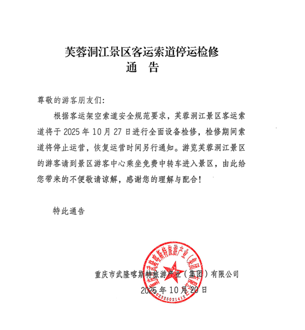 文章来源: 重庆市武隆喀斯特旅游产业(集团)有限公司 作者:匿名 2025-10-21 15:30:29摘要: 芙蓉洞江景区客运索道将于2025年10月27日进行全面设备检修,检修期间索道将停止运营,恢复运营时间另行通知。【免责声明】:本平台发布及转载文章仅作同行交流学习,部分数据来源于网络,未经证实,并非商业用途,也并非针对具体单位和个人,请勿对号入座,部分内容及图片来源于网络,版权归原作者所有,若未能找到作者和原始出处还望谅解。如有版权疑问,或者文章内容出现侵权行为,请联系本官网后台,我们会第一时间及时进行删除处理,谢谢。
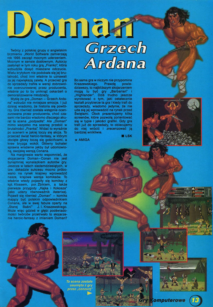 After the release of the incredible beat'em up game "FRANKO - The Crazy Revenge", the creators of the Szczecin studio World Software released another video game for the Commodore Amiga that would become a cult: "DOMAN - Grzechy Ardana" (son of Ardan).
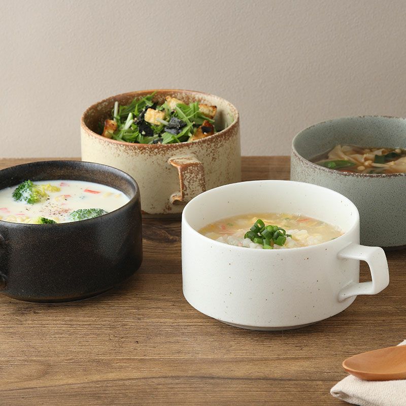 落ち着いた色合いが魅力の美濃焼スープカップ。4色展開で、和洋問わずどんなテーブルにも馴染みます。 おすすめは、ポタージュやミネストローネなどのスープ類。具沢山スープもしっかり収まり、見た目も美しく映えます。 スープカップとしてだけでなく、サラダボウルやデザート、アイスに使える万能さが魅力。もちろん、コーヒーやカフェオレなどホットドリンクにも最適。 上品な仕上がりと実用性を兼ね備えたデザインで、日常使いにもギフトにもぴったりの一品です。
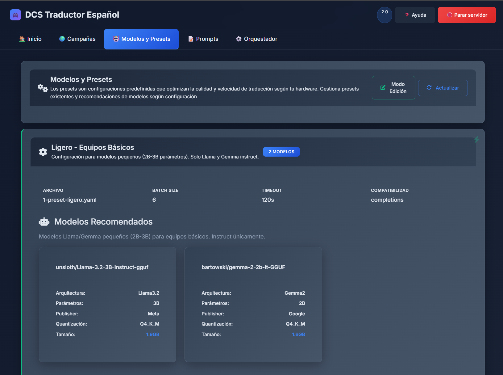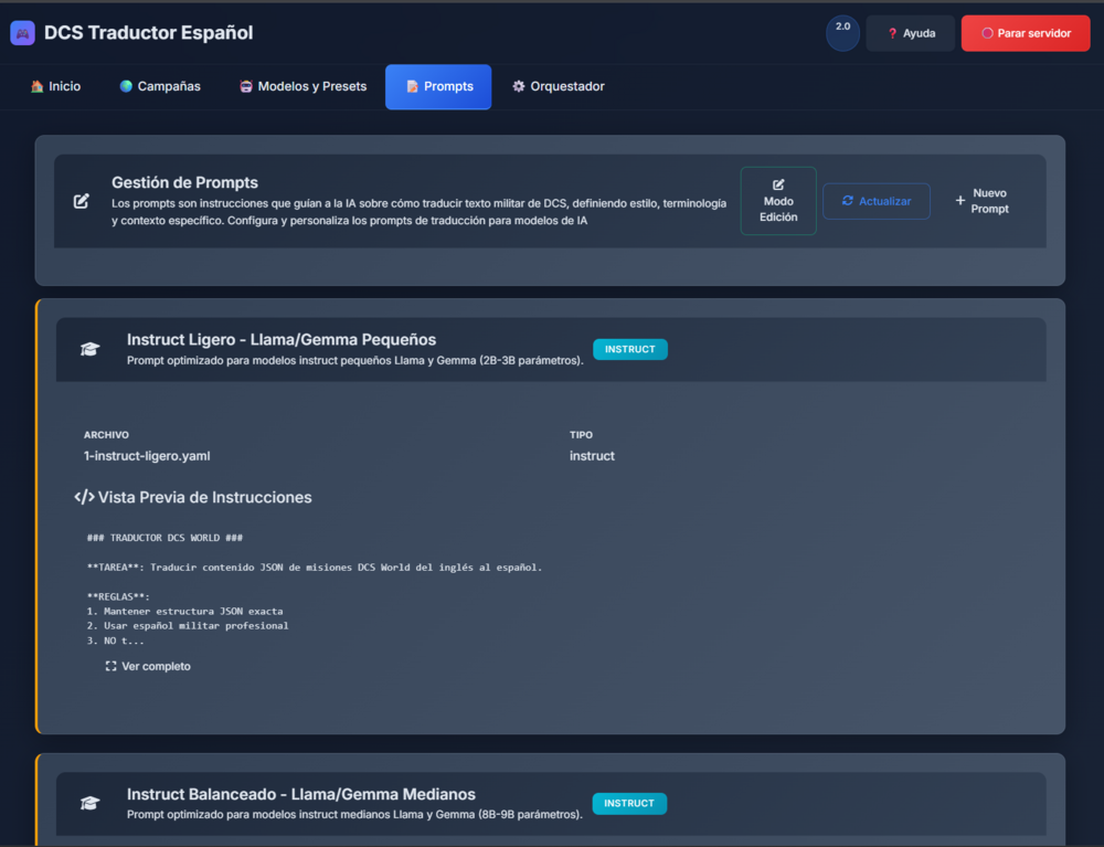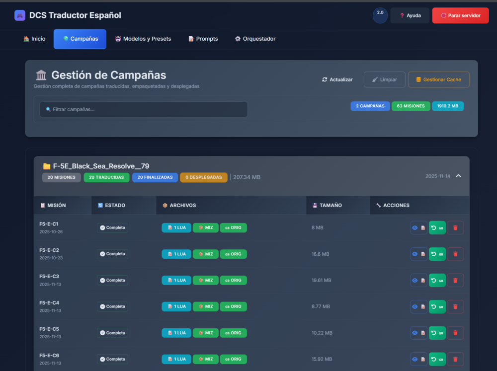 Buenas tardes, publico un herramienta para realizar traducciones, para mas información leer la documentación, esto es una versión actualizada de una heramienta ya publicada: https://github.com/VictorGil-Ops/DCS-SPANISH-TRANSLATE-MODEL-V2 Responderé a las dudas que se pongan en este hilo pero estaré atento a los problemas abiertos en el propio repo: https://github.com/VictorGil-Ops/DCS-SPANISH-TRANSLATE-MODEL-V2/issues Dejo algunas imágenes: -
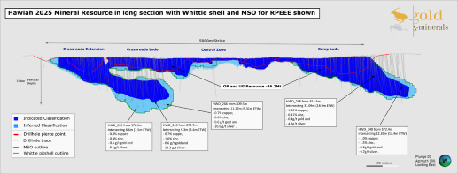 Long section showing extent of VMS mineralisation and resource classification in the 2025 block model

## Exercise aim
When you repeat the lines above, keep them exact and leave out each image they contain.

## Output below
 文章来源: 重庆市武隆喀斯特旅游产业(集团)有限公司 作者:匿名 2025-10-21 15:30:29摘要: 芙蓉洞江景区客运索道将于2025年10月27日进行全面设备检修,检修期间索道将停止运营,恢复运营时间另行通知。【免责声明】:本平台发布及转载文章仅作同行交流学习,部分数据来源于网络,未经证实,并非商业用途,也并非针对具体单位和个人,请勿对号入座,部分内容及图片来源于网络,版权归原作者所有,若未能找到作者和原始出处还望谅解。如有版权疑问,或者文章内容出现侵权行为,请联系本官网后台,我们会第一时间及时进行删除处理,谢谢。
 After the release of the incredible beat'em up game "FRANKO - The Crazy Revenge", the creators of the Szczecin studio World Software released another video game for the Commodore Amiga that would become a cult: "DOMAN - Grzechy Ardana" (son of Ardan).
 落ち着いた色合いが魅力の美濃焼スープカップ。4色展開で、和洋問わずどんなテーブルにも馴染みます。 おすすめは、ポタージュやミネストローネなどのスープ類。具沢山スープもしっかり収まり、見た目も美しく映えます。 スープカップとしてだけでなく、サラダボウルやデザート、アイスに使える万能さが魅力。もちろん、コーヒーやカフェオレなどホットドリンクにも最適。 上品な仕上がりと実用性を兼ね備えたデザインで、日常使いにもギフトにもぴったりの一品です。
 Buenas tardes, publico un herramienta para realizar traducciones, para mas información leer la documentación, esto es una versión actualizada de una heramienta ya publicada: https://github.com/VictorGil-Ops/DCS-SPANISH-TRANSLATE-MODEL-V2 Responderé a las dudas que se pongan en este hilo pero estaré atento a los problemas abiertos en el propio repo: https://github.com/VictorGil-Ops/DCS-SPANISH-TRANSLATE-MODEL-V2/issues Dejo algunas imágenes: -
 Long section showing extent of VMS mineralisation and resource classification in the 2025 block model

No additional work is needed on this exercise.